Die Risiken - was Sie wissen müssen
Hier wird es wichtig, dass Sie die Fakten kennen, nicht die Mythen:
Brustkrebs-Risiko:
- Mit körperidentischem Östrogen + mikronisiertem Progesteron: Minimal erhöhtes Risiko (ca. 1 zusätzlicher Fall pro 1.000 Frauen über 5 Jahre)
- Mit synthetischen Gestagenen: Etwas höheres Risiko
- Nur Östrogen (ohne Gebärmutter): KEIN erhöhtes Risiko
- Zum Vergleich: Übergewicht und Alkohol erhöhen das Risiko mehr als HRT!
Thrombose-Risiko:
- Mit transdermaler HRT: KEIN erhöhtes Risiko
- Mit oraler HRT: Leicht erhöhtes Risiko (aber immer noch sehr gering)
Herz-Risiko:
- Wenn Sie HRT vor 60 oder innerhalb von 10 Jahren nach letzter Periode beginnen: SCHUTZ fürs Herz
- Wenn Sie HRT viel später beginnen: Kein klarer Nutzen, evtl. Risiko
Verwirrt? Unsicher?
Das ist völlig normal. HRT-Entscheidungen sind komplex und individuell.

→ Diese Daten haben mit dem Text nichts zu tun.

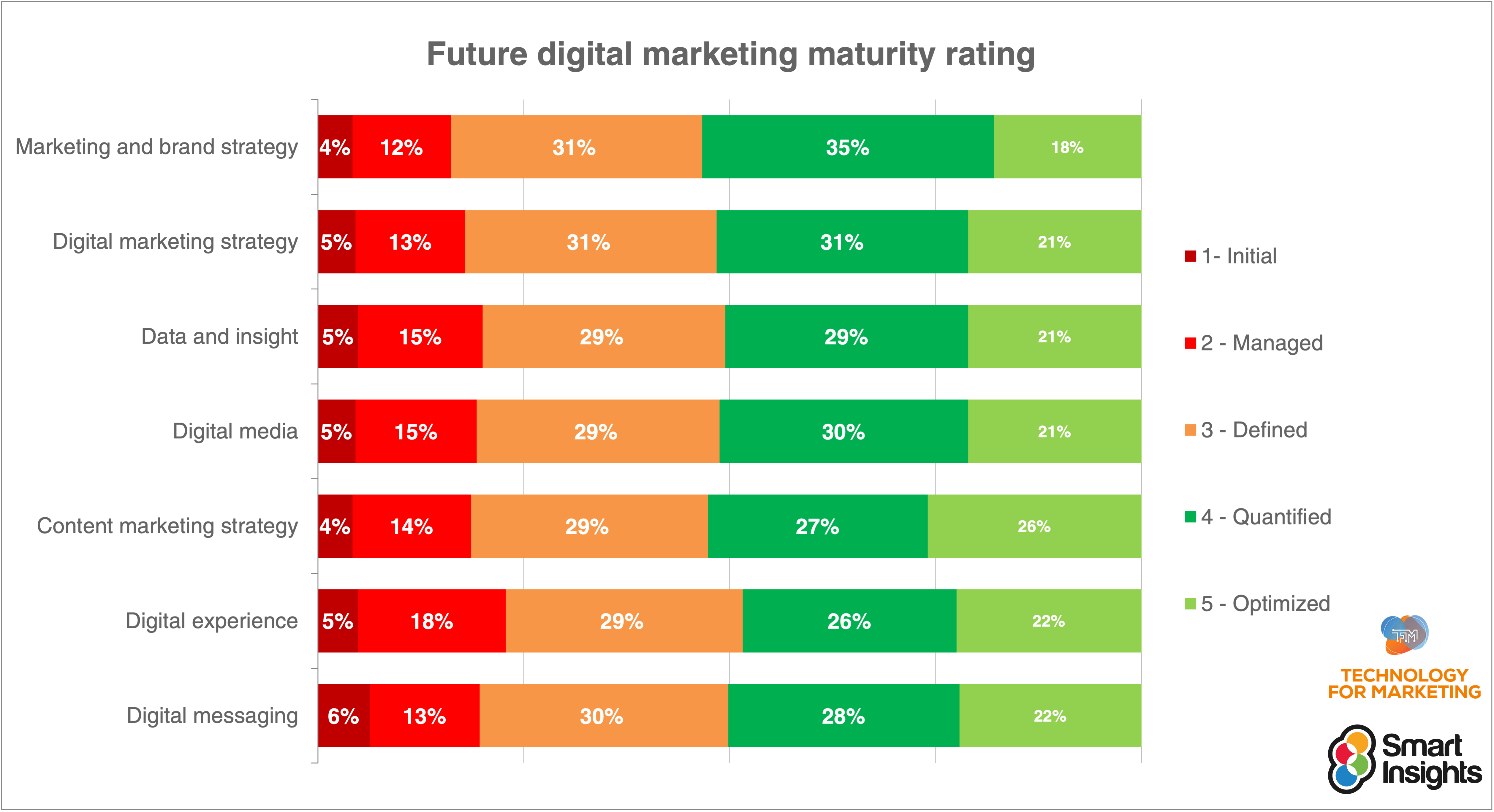The previous chart is a symptom of a bigger malaise, which is a surprising lack of digital marketing maturity in many businesses. All this activity and investment is aimed at improving digital marketing capabilities, so in the research we asked where people were now with using digital marketing and where they would be in the future.

Ich helfe Ihnen, die richtige Entscheidung FÜR SIE zu treffen.
Kostenlose Clarity Call buchenMein Insider-Rat an Sie
Nach 15 Jahren in der Pharma-Industrie kann ich Ihnen Folgendes sagen:
- HRT ist nicht gefährlich - die Studien, die Sie erschreckt haben, sind veraltet und wurden falsch interpretiert.
- Transdermal ist oft besser als oral - aber es kommt auf Ihre spezifische Situation an.
- Körperidentisches ist nicht zwingend besser - aber viele Frauen bevorzugen es.
- Dosierung ist individuell - was für Ihre Freundin funktioniert, muss nicht für Sie passen.
- Geduld ist wichtig - die erste Dosierung ist selten perfekt, Anpassungen sind normal.
Und am wichtigsten: Lassen Sie sich nicht von Angst leiten. HRT ist für die meisten Frauen sicher und kann lebensverändernd sein. Aber es ist IHRE Entscheidung - niemand sollte Sie drängen, weder dafür noch dagegen.